The efforts of Basit are slightly different from his counterpart in Islamabad, Raghavan, due to a more logical and convincing argument. In Basit’s book, the whole debate regarding the evolution of hostility between two nuclear neighbours is fundamentally an autobiographic account of a diplomat’s memoirs. It was a reflection of various diplomatic experiences of a certain period when the author was designated to serve in a rival country parallel to upholding his vision of peace and harmony. A detailed examination of the various arguments developed by the author in the book suggests this book is an appropriate study for the students of Politics, International Relations, and Peace Studies.
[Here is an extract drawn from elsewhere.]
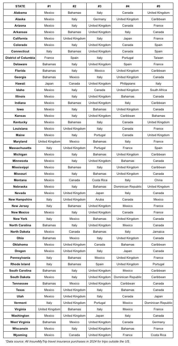 - Italy is a popular destination for 2024 – making the top 5 for every state except Oklahoma, Tennessee, West Virginia, and Wyoming.

The mainstream policymaking circles can also find it an interesting reading and informative feedback for improving the cooperative connections between New Delhi and Islamabad. It is a valuable contribution to the existing literature on South Asian politics generally and the India-Pakistan conflict specifically. Thus, it is more appropriate to say that the book has given a fresh look to the New Delhi-Islamabad hostility parallel to identifying the major impediments in undermining the vision of peace, stability, and development in the nuclearized subcontinent. This book could can broadly be considered an interesting scholarly piece of writing parallel to having greater relevance to different circles of research communities linked to the South Asian political literature. Basit’s book has established a good precedent in the diplomatic community of Pakistan regarding publicly revealing the details of their experiences in critical stations. Such books could be used as the most authentic source of data for research and policy studies.